Tull’s stomach twisted into a knot and he staggered. Tull’s home held so many dark memories that he was loath to enter this quarter of town, where the kwea of old pain and old fear mingled in powerful, stomach-emptying proportions. Although the Pwi said that Adjonai ruled in Craal, Tull could feel the dark god’s hand even here.

His parents’ front door was not far—fourth house of seven among a row of homes built with common walls. Tull stalked toward it, and his breathing came ragged and heavy, restricted. This home had been a place of captivity for him, and with each step forward he felt that memory growing, as if chains and ropes built around him. The front of the house leaned forward precariously, nearly obscured by broken fish traps, piles of worn furs, barrels of stale salt, scrap metal, and the other junk Tull’s father sold for a living. Within the house Wayan, his three-year-old brother, could be heard shrieking in terror. Tull leapt forward and yanked the door open, thinking to stop a murder in progress.

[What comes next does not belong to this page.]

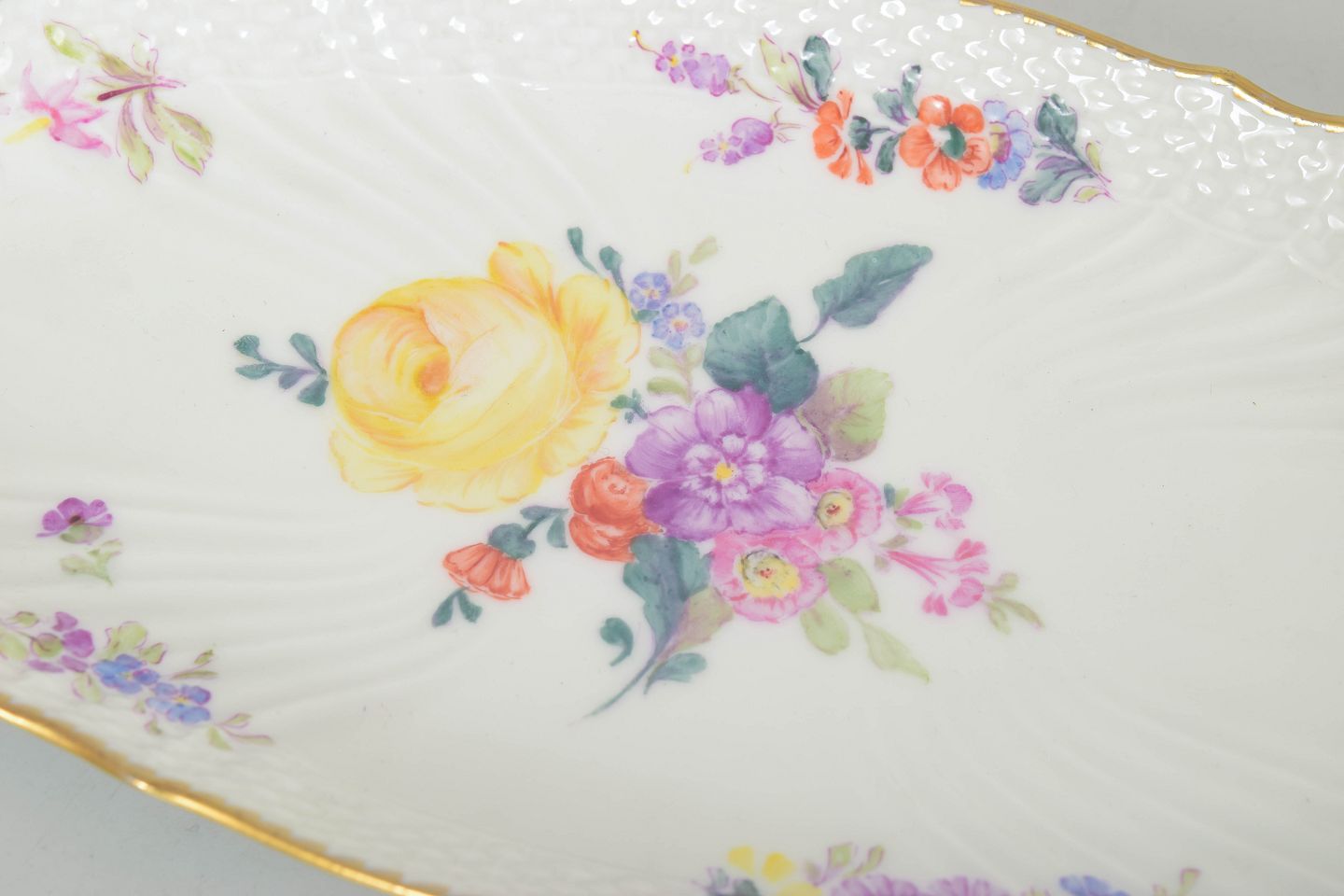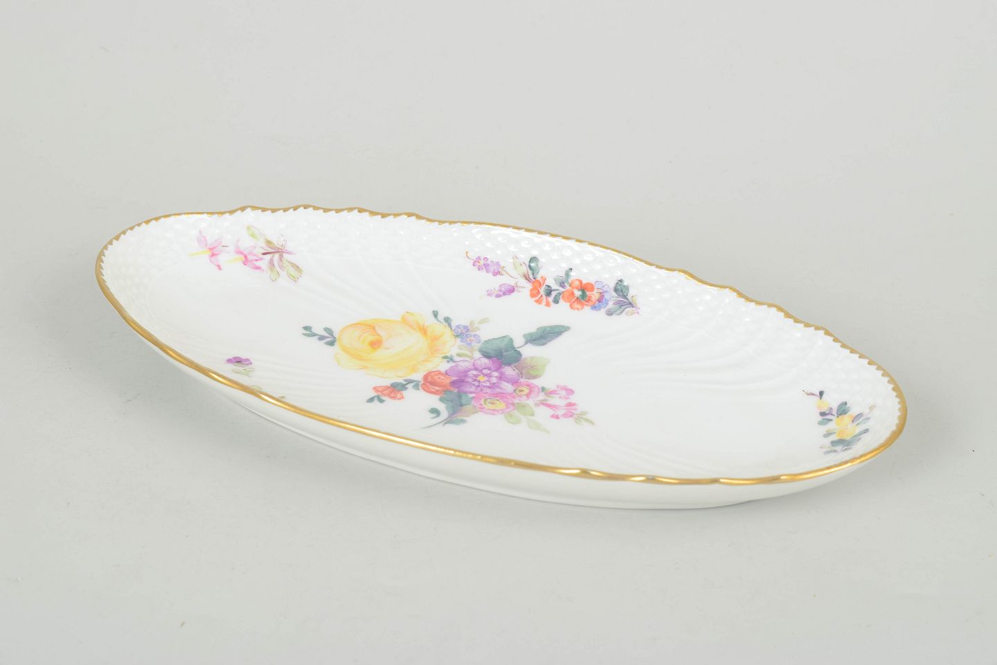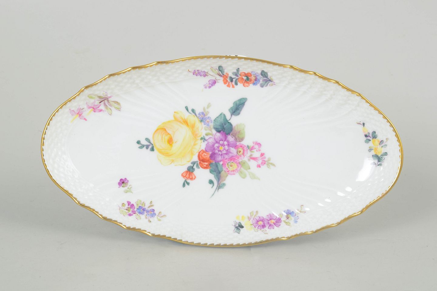 Oval porcelain tray with polychrome floral decoration in the Saxon flower pattern. Marked with two incised cancellation lines and dated to the 1950s.

The house was dim, with only the faintest light shining through scraped-hide windows. An orange cat sat on a crossbeam in the rafters, flicking its tail. Tull’s Neanderthal mother was stooping over the dinner table, a blue rag wrapped around her stringy orange hair. Her face was broad and fleshy, expressionless; her deep-set eyes were empty, like those of a cow that is nearly dead from exhaustion after giving birth. She did not smile like a Pwi. She clumsily spooned soup from a large bowl into a cup, using a regular human dinner spoon rather than a ladle. No Pwi would use such a delicate instrument, unless under force. At such a plodding pace, it would take her several minutes to fill the bowl.

“Where is Wayan?” Tull demanded. He heard an answering shriek out the back door, from the woodshed.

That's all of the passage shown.